KBR, Jakarta - Pansel KPK pertanyakan Alexander Marwata mengapa sering memberikan opini berbeda dalam kasus korupsi yang kontroversial. Padahal ini menimbulkan kesan bahwa ia tak peduli dengan rasa keadilan masyarakat dan lebih memperhatikan terdakwa. Hakim Ad Hoc Tipikor Pengadilan Negeri Jakarta Pusat tersebut mengatakan dalam memutus perkara, ia selalu berpegang pada fakta-fakta di pengadilan. Meski di luar pegadilan, desakan untuk memberikan hukuman yang berat kepada terdakwa begitu besar.

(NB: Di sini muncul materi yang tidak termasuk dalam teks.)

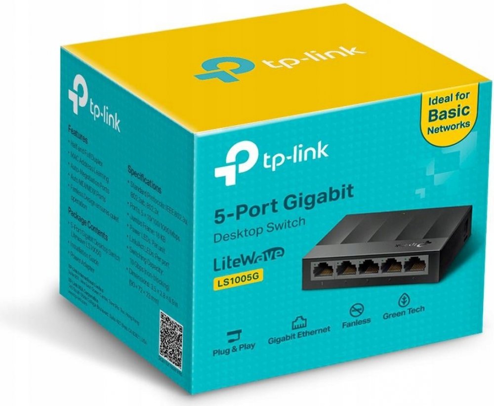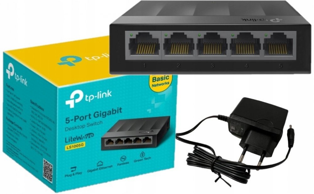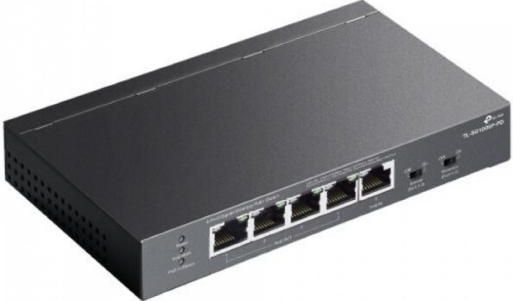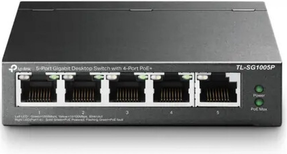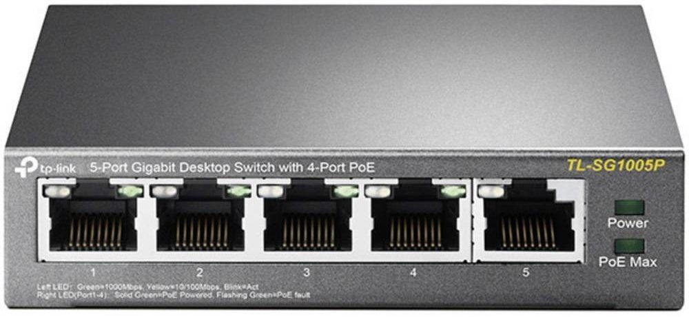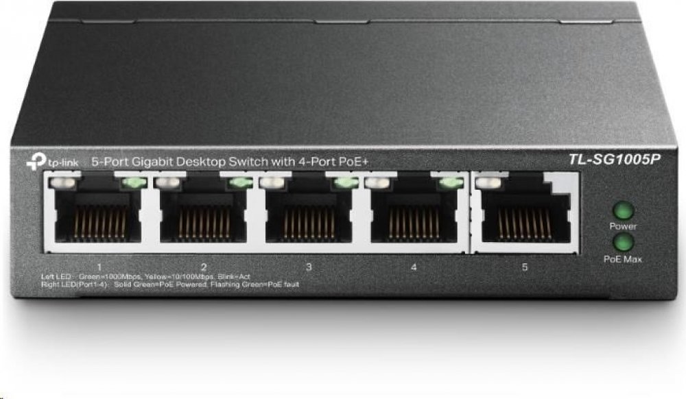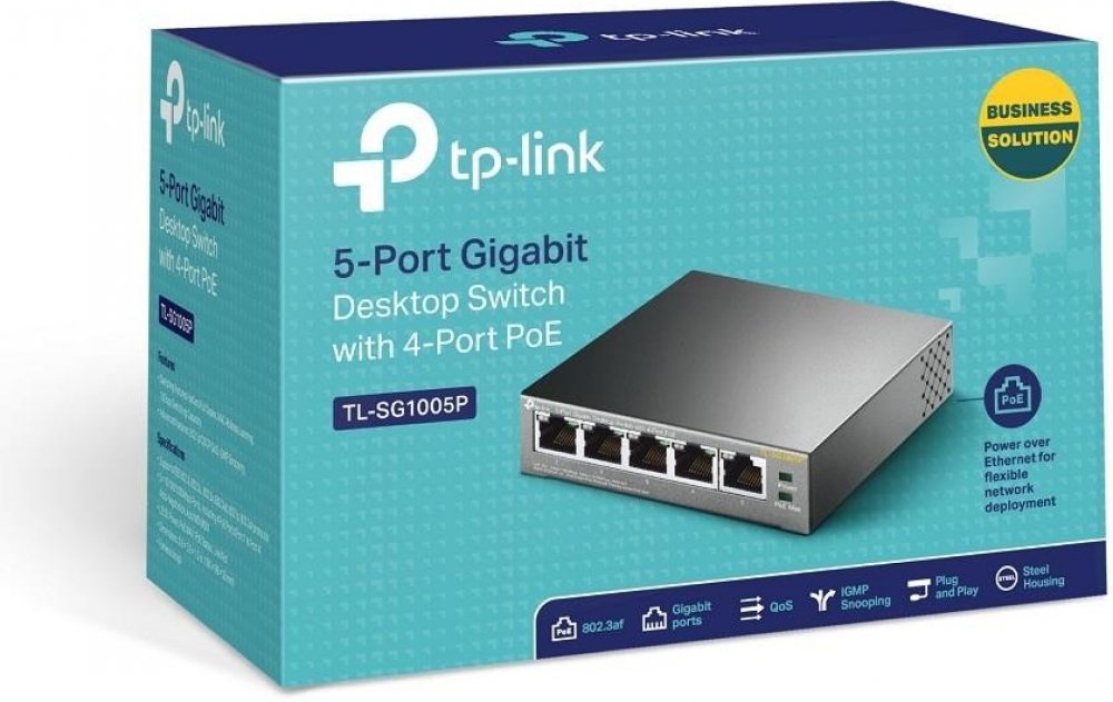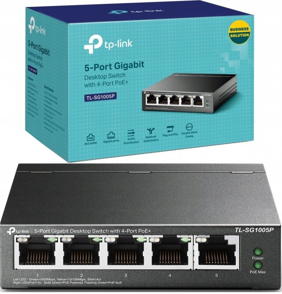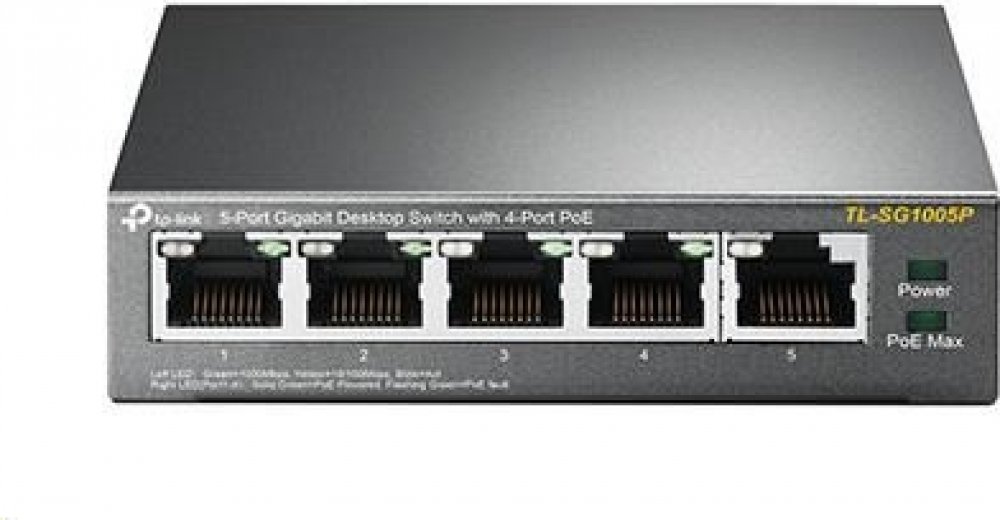Neřízený switch TL-SG1005P je vybaven pěti porty s rychlostmi přenosu 10/100/1000 Mb/s, který nevyžaduje žádnou konfiguraci a nabízí 4 porty s napájením PoE (Power over Ethernet). Dokáže automaticky detekovat a napájet jakákoli zařízení PD (Powered Devices), která splňují protokol IEEE 802.3af. V tomto provedení je elektrické napájení přenášeno společně s daty přes stejný kabel, což vám umožňuje rozšířit vaši síť i do míst, kde nejsou elektrické přípojky nebo zásuvky, ale kde chcete použít zařízení, jako jsou přístupové body, IP kamery nebo IP telefony, atd.

“Saya sebagai hakim tidak bisa memutus berdasarkan fakta-fakta di luar persidangan. Misalnya opini koran dan berita-berita. Kan harus semua disajikan di persidangan. Orang bisa ngomong apa saja di luar. Tapi fakta di persidangan bagaimana? Saya tidak bisa seperti itu, “kata Calon pimpinan KPK, Alexander Marwata dalam wawancara terbuka di depan pansel KPK.
Karena itulah, Alexander menambahkan, kualitas dakwaan akan menjadi perhatian besar jika terpilih menjadi pemimpin KPK. Meski begitu jika terpilih menjadi pimpinan KPK, ia juga siap mengubah pola pikir dari yang sebelumnya berhak berbeda pendapat menjadi komisioner KPK yang sifatnya collective collegial.
Alexander sebelumnya berbeda pendapat dalam kasus suap Pilkada Lebak Banten dengan terdakwa Ratu Atut Chosiyah yang saat itu menjadi Gubernur Banten. Menurut Alex, Atut tidak terbukti melakukan korupsi dan harus dibebaskan.
Meski begitu, Pengadilan Tindak Pidana Korupsi Jakarta memvonis Atut dengan hukuman penjara empat tahun dan denda Rp 200 juta subsider lima bulan kurungan. Ia dianggap bersalah menyuap Rp 1 miliar bekas Ketua Mahkamah Konstitusi Akil Mochtar melalui pengacara Susi Tur Andayani. Namun kemudian Mahkamah Agung memperberat hukuman Atut menjadi tujuh tahun penjara di tingkat banding.